Я не понимала, почему он хочет лежать целыми днями в темноте и не разрешает раздвигать шторы. Кровать скрипнула под моей тяжестью, хотя я старалась двигаться как можно тише.
– Эмма, моя девочка, – пробормотал он и посмотрел на меня.
Он взял мою руку в свою, и это все. Больше он ничего не сказал, только лежал и тяжело дышал, словно каждый вдох стоил ему огромных усилий. Я думала о том, как его развеселить. Раньше я бы предложила ему погулять вместе или приготовить ужин, но у меня было предчувствие, что на этот раз он откажется.
– Тебе получше? – спросила я.
– Да, – после долгой заминки ответил он. Даже голос у него изменился, стал глухой, невыразительный. Словно шел со дна банки. – Эмма, моя малышка, – повторил он и сжал мою руку. – Я хочу, чтобы ты знала, как я тебя люблю. Ты самая лучшая дочка на свете.
Я не знала, что сказать. Его поведение меня пугало. Я не привыкла видеть его таким слабым. Он бывал усталым, злым, равнодушным, пьяным в стельку, рассерженным, но не слабым. Что-то было не так.
– Папа, пожалуйста.
– Эмма, – перебил он, – ты помнишь ту бабочку, которая была у тебя в банке в детстве?
– Да?
Я не понимала, куда он клонит.
– Я так расстроился, когда не смог помешать маме разбить ту банку. Я знал, к чему всё идет, и все равно не остановил ее.
– Не надо. Это было всего лишь насекомое. И случилась эта история сто лет назад.
– Это твоя мать так её называла. Но это была не просто бабочка, а твой маленький проект. Ты все лето ждала, когда она выкуклится. Ты только о ней и думала. И несмотря на это, а может, именно поэтому она ее и уничтожила. А я ей позволил. Так что мы оба одинаково виноваты.
Из темноты раздался всхлип. Или мне показалось.
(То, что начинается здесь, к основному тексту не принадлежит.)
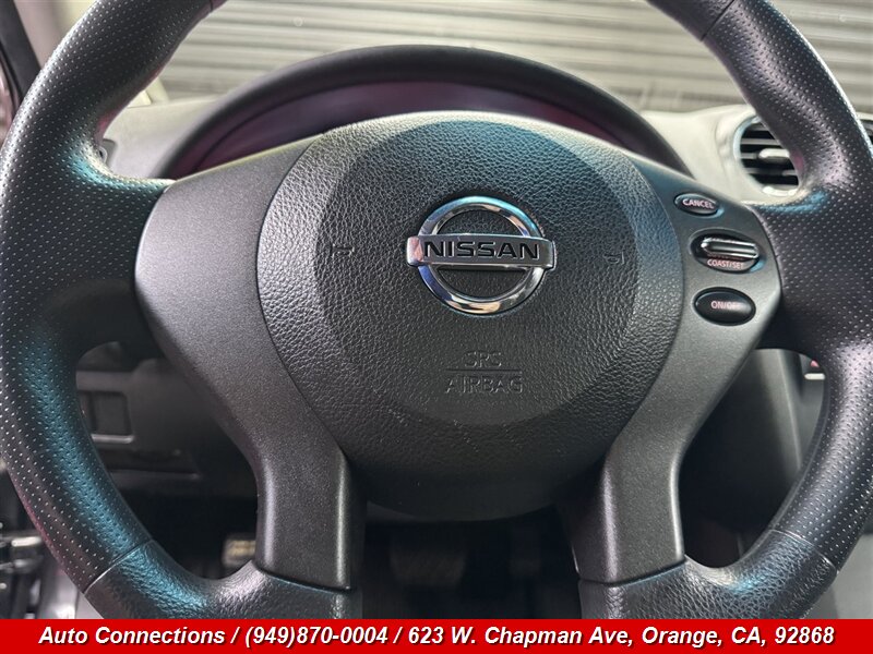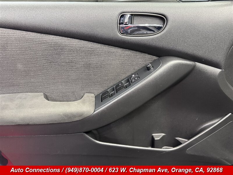 2011 Nissan Altima 2.5 — Este Altima está equipado de fábrica con un motor 2.5L I4 que entrega 175 hp y 180 lb·ft de torque, acoplado a una transmisión continuamente variable (CVT) y tracción delantera. El equipamiento de serie incluye sistemas de seguridad avanzados (airbags frontales de doble etapa, airbags laterales frontales, airbags de cortina montados en el techo, ABS, control de tracción y estabilidad, monitoreo de presión de neumáticos), comodidades (aire acondicionado, ventanas y seguros eléctricos, entrada remota sin llave, control de crucero, volante regulable en inclinación, asiento trasero 60/40 abatible, tapicería de tela) y un sistema de audio AM/FM/CD con entrada auxiliar. Vehículo en excelente estado general, con menos de 98,000 millas (promedio inferior a 7,000 millas/año) y CARFAX limpio.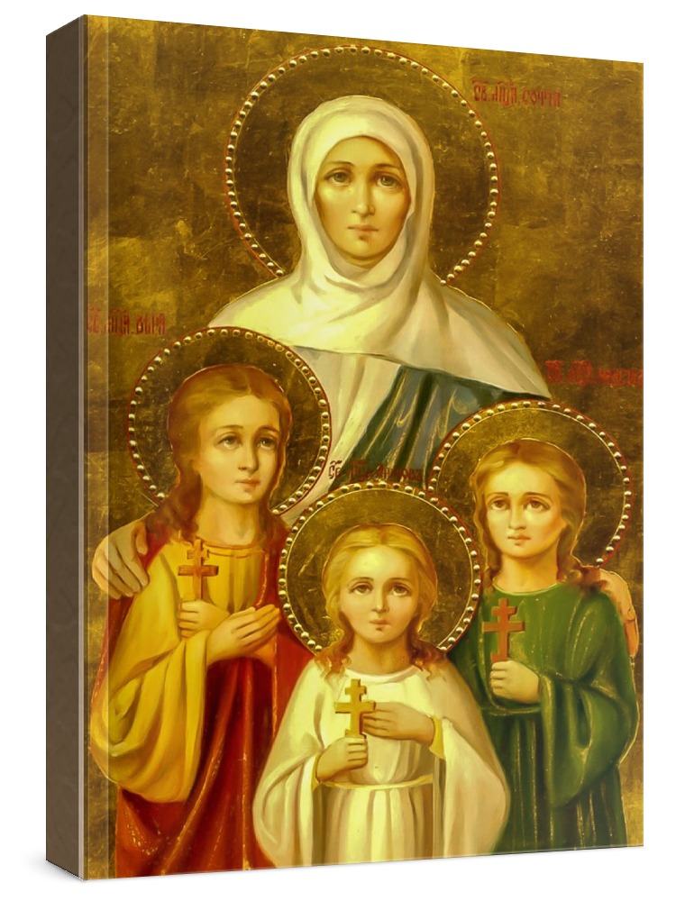 Вера, надежда, любовь и софия (икона на дереве). Икона на заказ. Срок изготовления - 1-2 недели. Изображение нанесено на основу из натурального хвойного дерева методом прямой печати (не полиграфия). Деревянная основа иконы подвержена искусственному старению. Лик покрыт специальным лаком, что защищает икону от воздействий окружающей среды и обеспечивает хранение иконы в первозданном виде в течение нескольких десятилетий. Цена зависит от размера иконы (высота может незначительно отличаться от указанной величины в связи с точным соблюдением пропорций оригинала): 10x13*- 1500 руб. 30x40 - 5000 руб. 60x80 - 15000 руб. 15x18 - 2250 руб. 40x60 - 8000 руб. 80x120 - 20000 руб. 20x25 - 3000 руб. * - изготовление иконы 10х13 см возможно только при заказе от 3 шт.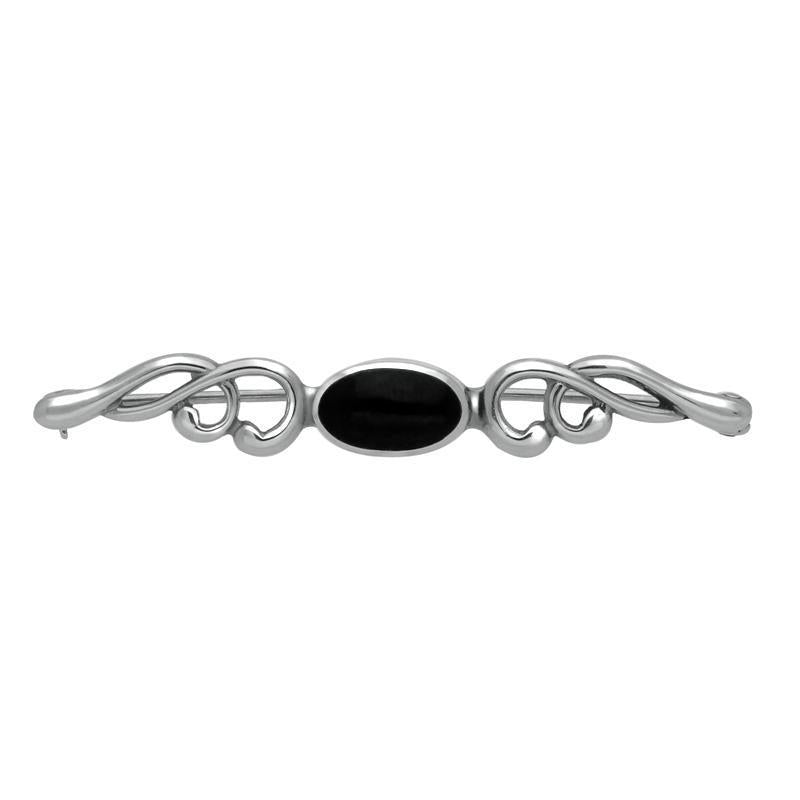 Sterling Silver Whitby Jet Scroll Bar Brooch, M101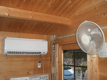エアコンと扇風機を使って部屋の温度を通年21~26度で管理しています。
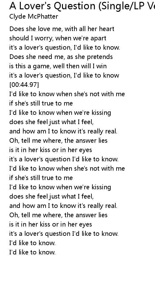 it's a lover's question, I'd like to know |

– Помнишь, какая она была красивая? – продолжил папа. – Из ничем не примечательной куколки она превратилась в волшебную бабочку. Ее синие крылышки будто светились. Помнишь?
Я кивнула. От его слов у меня ком встал в горле. Я не знала, смогу ли удержаться от рыданий.
– Я только хочу, чтобы ты знала, Эмма… Ты как та бабочка. Однажды ты превратишься в чудесную красавицу. Помни об этом. Пообещай, что не забудешь, что бы ни говорили люди.
– Но, папа, – выдохнула я со смешком – весь этот разговор казался сплошным абсурдом, какой бывает только в мелодрамах. – Не говори так. Ты меня пугаешь.
Он ничего не сказал. В комнате слышно было только его тяжелое дыхание.
– Если кто-то скажет, что ты не такая, как все, думай о бабочке. Другая не значит хуже. Другая может быть лучше. Никогда не забывай мои слова. Пообещай мне.
– Обещаю, но…
Ком в горле все увеличивался. Папа никогда со мной так не разговаривал. Что-то было не так. И никакой ужин и никакая прогулка к морю делу не помогут.
– Я хочу, чтобы ты был как прежде, – шепчу я, стараясь не использовать слово «здоровый», потому что не хочу, чтобы он думал, что он болен. Мы с мамой старались не называть его состояние «болезнью». По крайней мере в его присутствии.
– Вся жизнь дерьмо, – сказал он нарочито бодро, как будто это шутка. – Дерьмо.
И это были его последние слова, обращенные к нам. На следующий день мама нашла его повесившимся.
Ханне
Задолго до того, как начала интересоваться психологией, я занималась социальной антропологией. Читала работы Франца Боа и Бронислава Малиновски и мечтала поехать на год на север Гренландии, чтобы изучать жизнь и обычаи инуитов. Возможно, мой интерес пробудил старый документальный фильм «Нанук, сын холода». Я видела его в детстве. Но это было в семидесятые, интерес к примитивным народам сменился политизированной антропологией. Изучать эскимосов стало немодно. Но мой интерес не угас. Я продолжала восхищаться коренными народами. Может, поэтому Уве привозил мне из своих поездок поделки, изготовленные аборигенами. По крайней мере так он говорил, а я верила. В восьмидесятые он был на врачебном конгрессе в Майами и привез мне маску, украшенную перламутром, сделанную индейцами народности уичоли на западе Мексики. В другой раз он был на конференции по психиатрии в ЮАР и привез мне старинный пакет для табака из племени хоса.
Он продолжал привозить мне сувениры. Скоро ими был заполнен целый шкаф. Не помню, как я узнала правду. Может, меня насторожило то, что телефон звонил по ночам, а когда я подходила, в трубке молчали, может, письма с пометкой «лично в руки». А может, дело было в Эвелин.